Mountains and Valleys of Luzon, Philippines
Luzon is the largest and most economically and politically important island in the Philippines and one of the three island groups in the country. As an island group, it includes the island of Luzon itself, plus the Batanes and Babuyan groups of islands to the north, and the main and outlying islands of Catanduanes, Marinduque, Masbate, Romblon, and Mindoro in the south.
Luzon’s area is 104,688 square kilometers, making it the world’s 15th largest island. It is the fifth most populous island in the world. Located on Luzon are the country’s capital, Manila, and its most populous city, Quezon City.
To the west of Luzon island is the South China Sea (Luzon Sea in Philippine territorial waters), to the east is the Philippine Sea, and to the north is Luzon Strait containing Babuyan Channel and Balintang Channel.
The main part of the island is roughly rectangular in shape and has the long Bicol Peninsula protruding to the southeast. The northern part of the island contains the largest mountain range in the country, the Cordillera Central, where Mount Pulag, the second highest mountain in the country at 2,922 meters, is located.
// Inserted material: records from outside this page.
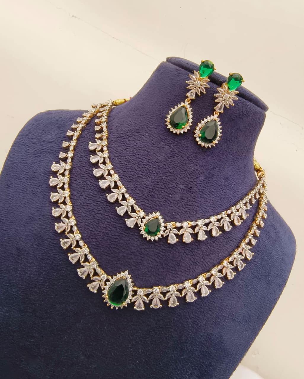 Elegant AD necklace set with sparkling stones and teardrop centerpiece. Perfect for weddings, parties, and bridal wear.
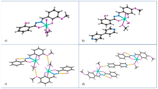 Molecular structure of (a) complex [MoO2(L3OMe)(MeOH)] and (b) complex co-crystal [MoO2(L4OMe)(MeOH)]·4,4-bpy. Carbon atoms are colored dark gray, hydrogen atoms light gray, oxygen atoms pink, nitrogen atoms blue, and molybdenum atoms turquoise. Molecules are connected via hydrogen bonds into supramolecular dimers. In the case of (c) [MoO2(L3OMe)(MeOH)] hydrogen bonds are realized through methanol-methoxy group interaction, while in (d) [MoO2(L4OMe)(MeOH)]·4,4-bpy they are realized through methanol–bipyridine interaction.
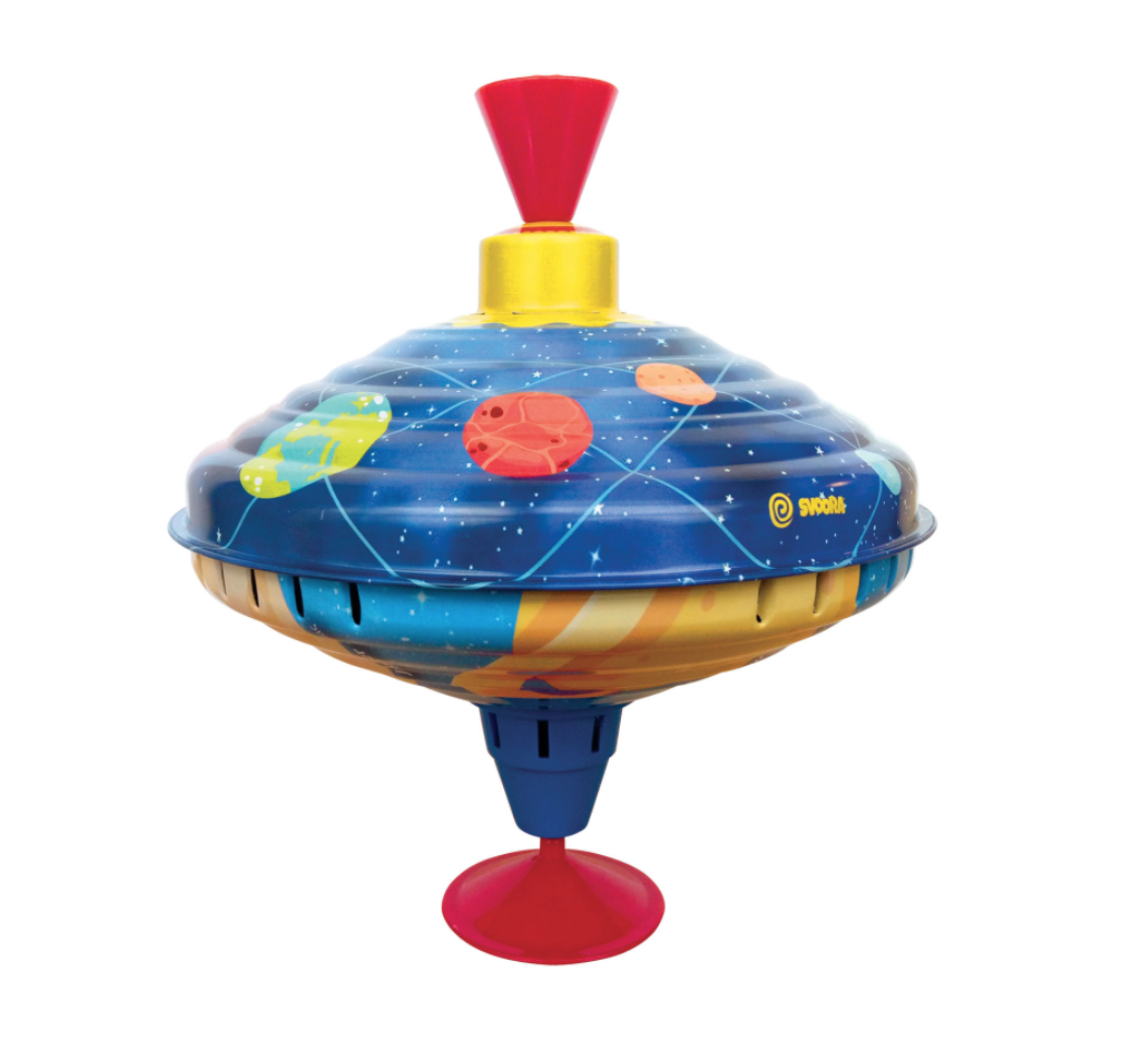 Combine playing and learning with our ‘Space’ spinning top. Pump the handle up and down to see the top spin and to hear it hum, as it builds up speed. Turn it upside down and discover the planets and the solar system. A classic toy with an educational twist!

To the east of the Cordillera Central is the large Cagayan Valley. To the east of the valley rises the Sierra Madre mountain range, easily the longest range in the country, which snakes southwards into the central and southern part of the island. Between it and the Zambales Mountains to the west is the largest plain, the Central Luzon plain. This plain, approximately 11,000 km² in size, is the country’s largest producer of rice.
The largest lake in the country, and also the largest inland lake in Southeast Asia, the Laguna de Bay (Old Spanish, Lake of Bay town). Its size and green waters make it easily identifiable towards the southern part of the island.